Exploring Frequency Adversarial Attacks for Face Forgery Detection (Hybrid Attack)
Facial manipulation is mainly to fool human beings, while adversarial attack aims to fool the well-trained face forgery detectors by injecting imperceptible perturbations on the pixels. It is of great importance to evaluate the robustness of face forgery detectors.
Existing attack methods mainly generate lightweight perturbations to deceive detectors into predicting wrongly for face forgery detection. For example, adding some adversarial perturbations to a fake face image can fool detectors to classify it as a real face. The research group from MIT proposes the PGD attack, which adds the back-propagation gradient of the network constantly into the original image and gets the final adversarial example. However, this method for face forgery detection is prone to overfit the specific network and yield a weak transferability. Besides, it also degrades the image quality of adversarial examples.
The research team led by Professor Xiaokang Yang observes that existing face forgery detectors always utilize the frequency diversity between real and fake faces as a crucial clue. Motivated by that, the researchers propose a frequency adversarial attack method against face forgery detectors. Concretely, they apply discrete cosine transform (DCT) on the input images and introduce the adversarial perturbations on the salient region of the adversary in the frequency domain. After that, they apply inverse DCT back to the spatial domain and obtain the final adversarial examples. Moreover, inspired by meta-learning, they also propose a hybrid adversarial attack that performs attacks in both the spatial and frequency domains. The attack method maintains the attack success rates as white-box attacks and enhances the transferability across unknown detectors as black-box attacks.
The pipeline of frequency adversarial attack.
Illustration of adversarial examples generated by different methods. The proposed hybrid attack achieves superior image quality and yields a more aggressive attack.
Unlike the PGD attack proposed by MIT, the proposed method adds the adversary in the frequency domain, which is invisible to human beings. It does not degrade the visual quality of the face image. This attack method can fool both the state-of-the-art spatial-based and frequency-based detectors effectively. Extensive experiments indicate that the proposed attack method achieves state-of-the-art attack results on multiple standard benchmarks and provides adversarial examples for face forgery detection.

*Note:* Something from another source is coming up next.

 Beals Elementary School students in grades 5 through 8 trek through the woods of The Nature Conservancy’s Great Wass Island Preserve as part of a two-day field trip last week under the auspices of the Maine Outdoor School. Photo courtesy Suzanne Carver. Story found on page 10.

The above two papers are the cooperative achievement of the team led by Professor Xiaokang Yang from AI Institute of SJTU and Tencent Youtu Lab. The proposed methods can be applied to various scenarios, such as remote identity authentication and image or video forgery detection, which promise the security requirement for face identity authentication. Junyi Cao (graduate student) and Shuai Jia (Ph.D. student) from AI Institute of SJTU are the first authors of two papers, respectively. Associate professor Dr. Chao Ma from AI Institute of SJTU, is the corresponding author of two papers. Coauthors include Taiping Yao, Shen Chen, Bangjie Yin, and Dr. Shouheng Ding from Tencent Youtu Lab.

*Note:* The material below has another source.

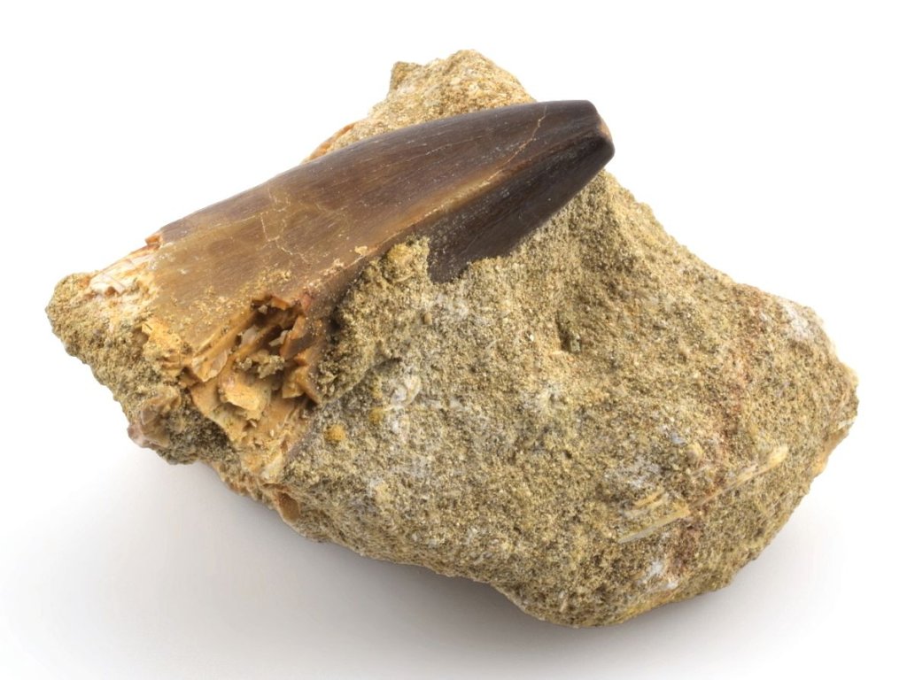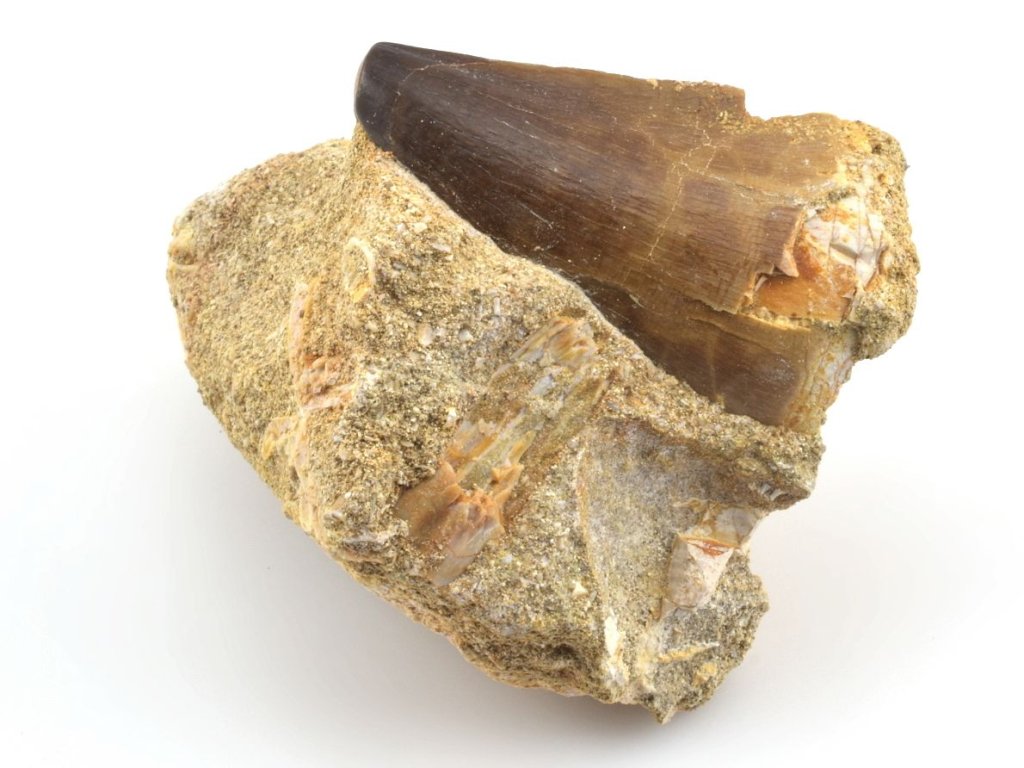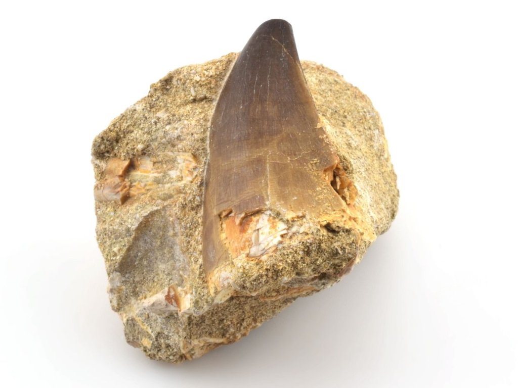 Zkamenělý zub na hornině je cennějším než běžně prodávané volné zuby. Pro sběratele fosilií je takový exemplář atraktivní možností získat vzorek, který zachycuje část dávno zaniklého ekosystému.

Since 2020, the technology for generating large-scale digital humans has been increasingly demanded. The digital human research team led by Professor Xiaokang Yang has developed generative digital human theories and technologies to solve challenging problems, including generalizability, drivability, interaction, and credible authentication of digital humans. It aims to improve the quality and efficiency of digital human generation and enhance the perception, interaction, and credible authentication of digital humans in the digital space. In the future, AI Institute will continue to follow the deployment of Shanghai Jiao Tong University to build an interdisciplinary research highland about AI, nurture the AI innovation ecosystem in SJTU.